-- Material provided follows --

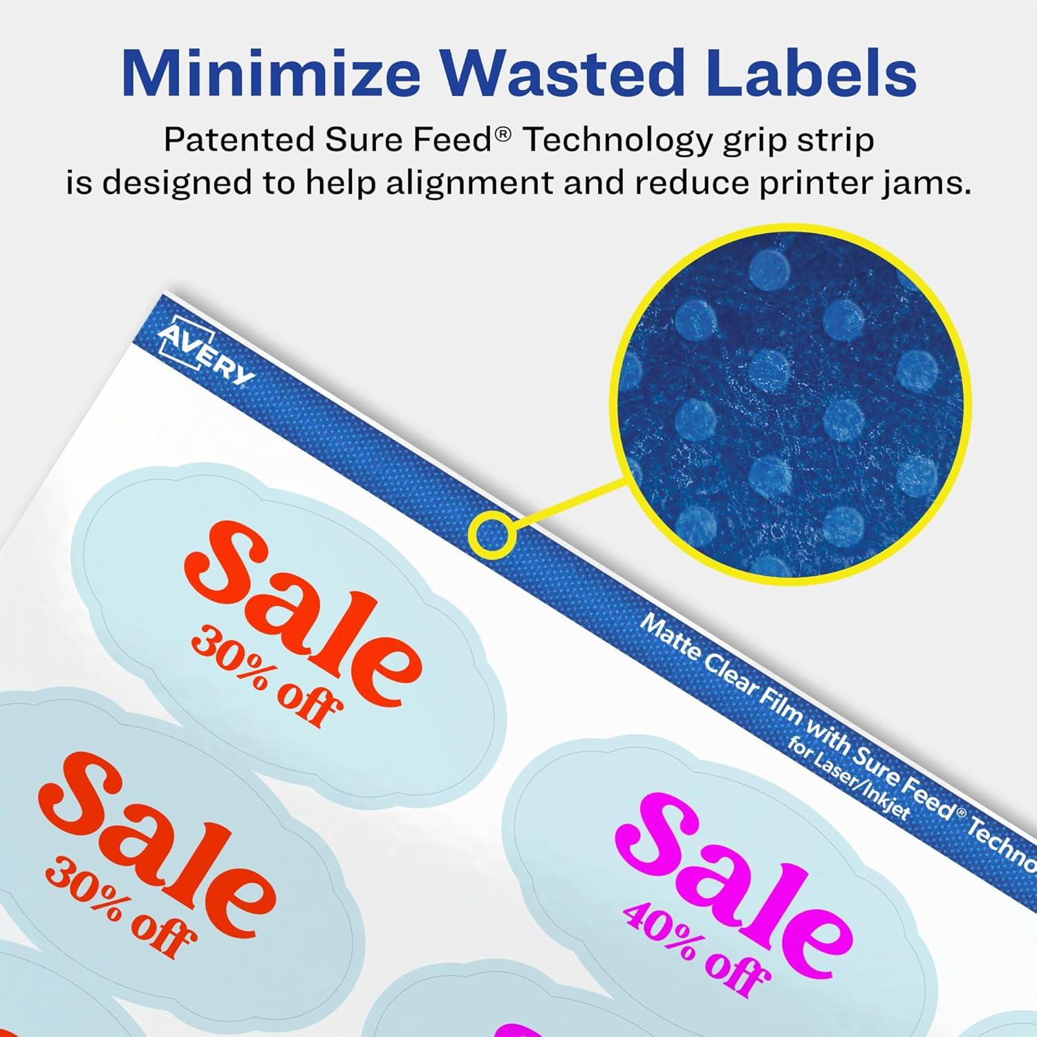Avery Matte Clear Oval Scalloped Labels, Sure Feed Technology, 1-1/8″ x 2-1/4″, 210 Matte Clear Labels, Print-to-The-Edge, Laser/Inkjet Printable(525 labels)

-- Material provided concluded --
-- Material provided follows --

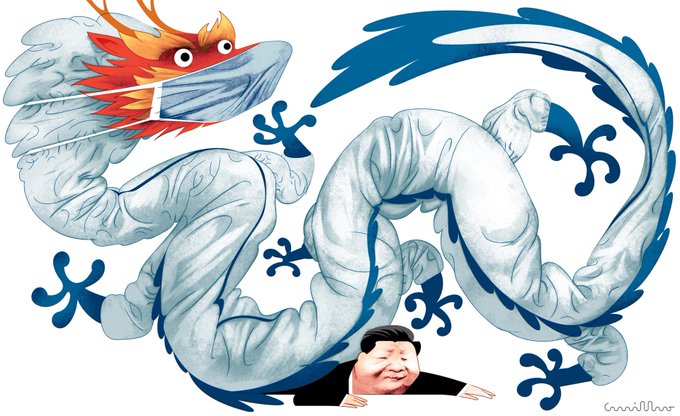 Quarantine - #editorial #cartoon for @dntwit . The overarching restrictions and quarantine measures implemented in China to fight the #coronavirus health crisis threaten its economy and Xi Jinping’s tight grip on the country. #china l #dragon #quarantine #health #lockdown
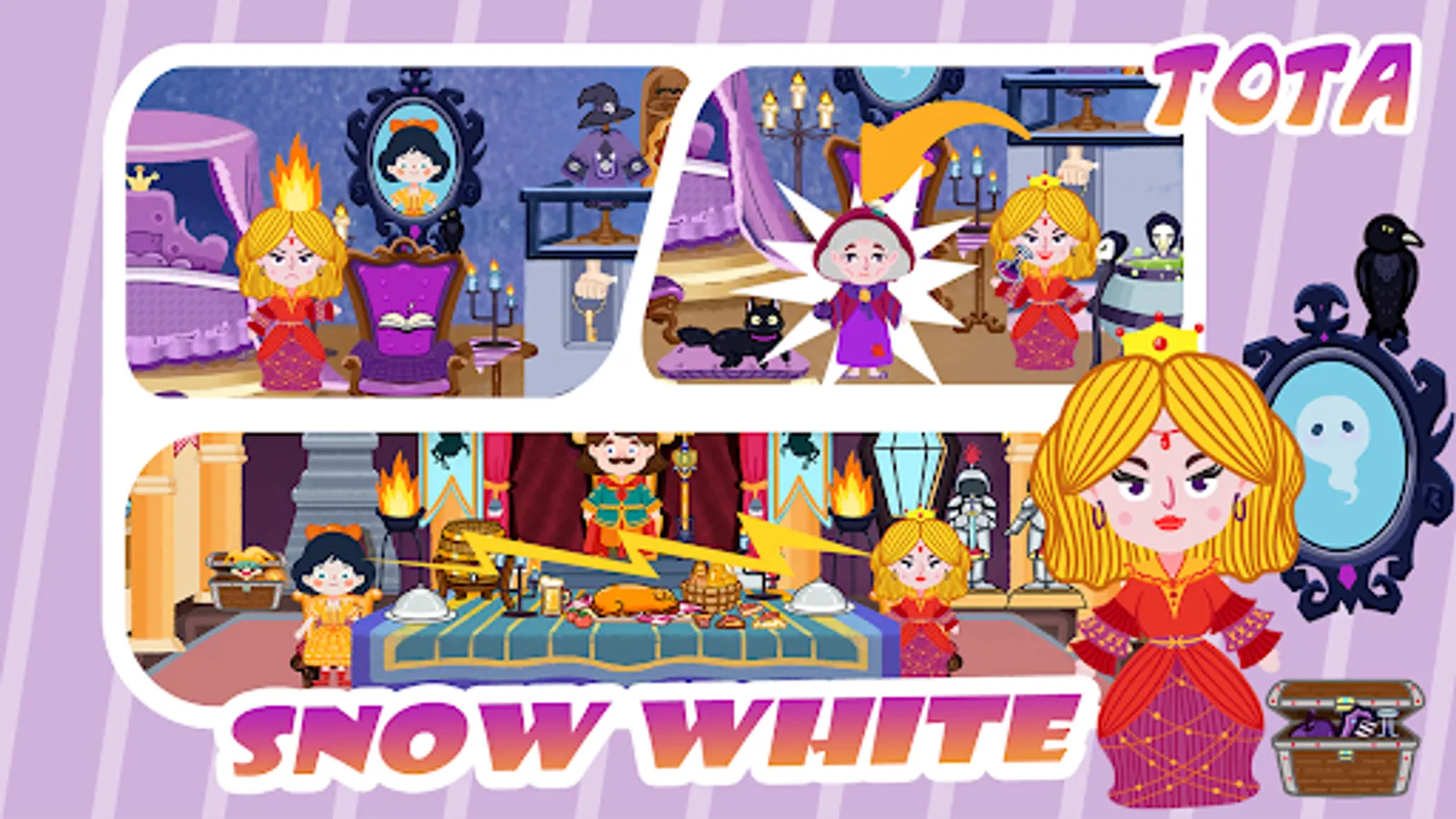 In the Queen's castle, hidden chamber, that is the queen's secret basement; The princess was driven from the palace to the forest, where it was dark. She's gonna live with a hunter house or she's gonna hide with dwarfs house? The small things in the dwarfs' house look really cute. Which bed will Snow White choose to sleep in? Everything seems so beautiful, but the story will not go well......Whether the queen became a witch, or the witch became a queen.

-- Material provided concluded --

Instructions to follow
Above are the records. Copy only the lines from the one with "Quarantine - #editorial" through the one with "In the Queen's", exactly, with no pictures.

Response below
 Quarantine - #editorial #cartoon for @dntwit . The overarching restrictions and quarantine measures implemented in China to fight the #coronavirus health crisis threaten its economy and Xi Jinping’s tight grip on the country. #china l #dragon #quarantine #health #lockdown
 In the Queen's castle, hidden chamber, that is the queen's secret basement; The princess was driven from the palace to the forest, where it was dark. She's gonna live with a hunter house or she's gonna hide with dwarfs house? The small things in the dwarfs' house look really cute. Which bed will Snow White choose to sleep in? Everything seems so beautiful, but the story will not go well......Whether the queen became a witch, or the witch became a queen.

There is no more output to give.